If you value your sort orders in Lightroom, use multiple cameras, or just want to reference correct capture time and dates, remember to update your camera's clock this weekend as well. 

I write about this twice-yearly but people still forget. 
http://fleetingglimpseimages.wordpress.com/2011/03/11/oh-the-times-they-are-a-changin/


----------



## clee01l (Mar 11, 2011)

Yes, it can be a PIA.  All of my computers auto update the time now.  Why can't the computer in my camera do the same?


----------



## b_gossweiler (Mar 11, 2011)

clee01l said:


> Yes, it can be a PIA.  All of my computers auto update the time now.  Why can't the computer in my camera do the same?

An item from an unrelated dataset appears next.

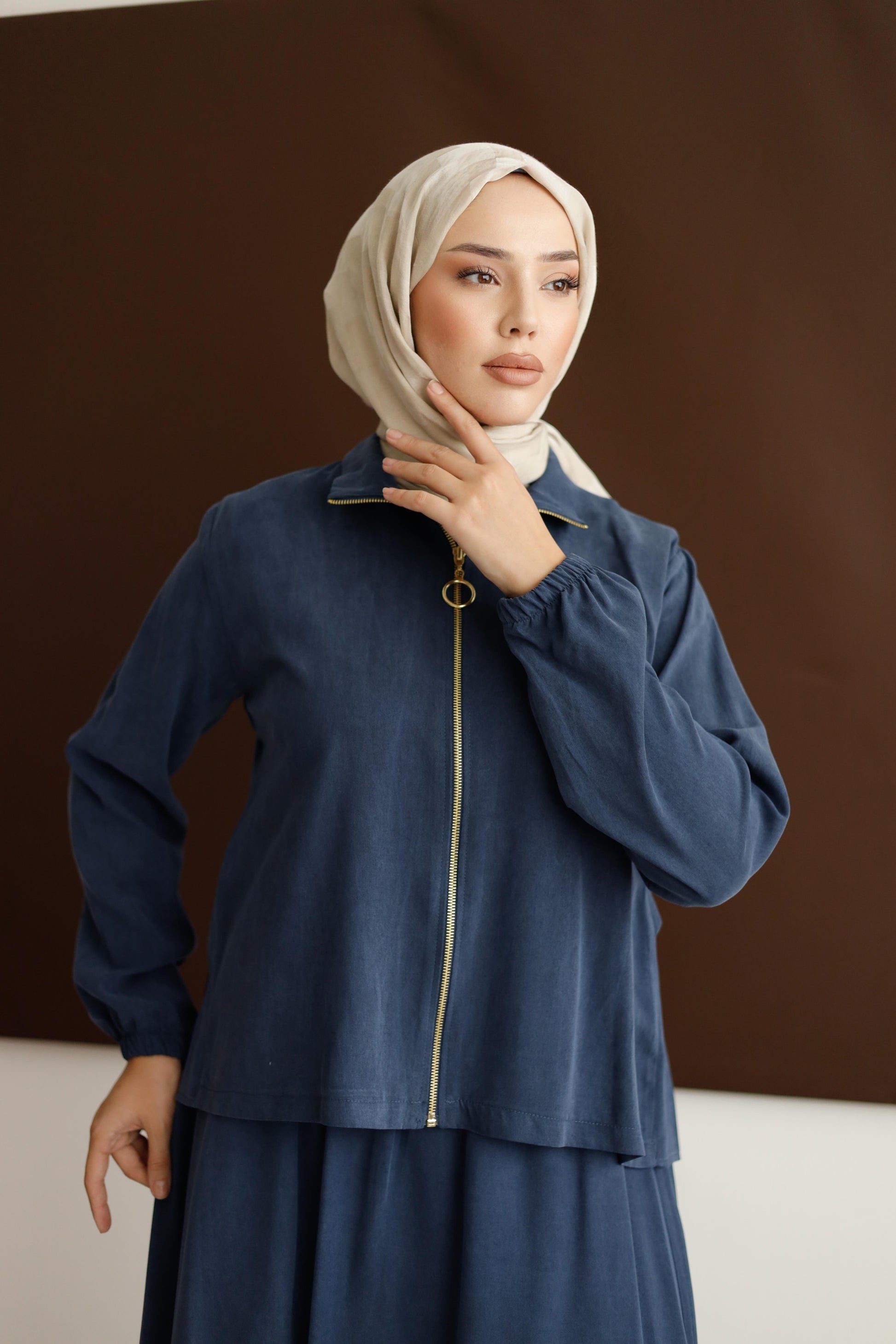 Cupra kumaşın ipeksi dokusu sayesinde gün boyu nefes alan, hafif ve konforlu bir şıklık sunar.

Because they are not hooked up to the internet?

Beat


----------



## clee01l (Mar 11, 2011)

b_gossweiler said:


> Because they are not hooked up to the internet?
> 
> Beat


My Windows Desktop, laptop and my Linux desktop do not need an internet connection to know when to change from CST to CDT or back.  They do need access to a NIST time server to set the time to the nearest Second.  The internet runs on UTC and every computer is adjusted to an offset of UTC based upon where you tell the computer it is located.   Because of the built in GPS, my iPhone os smart enough to adjust the clock on the phone automatically.  I was surprised to discover this while driving West to East on I40 in Tennessee last Fall.  My camera does not have a GPS, but I don't think it unreasonable to expect it to keep up with DST if I tell it what time zone it is in  Better perhaps would be to keep the time in the camera on UTC and let post processing software timestamp any derivatives with a local time stamp.


----------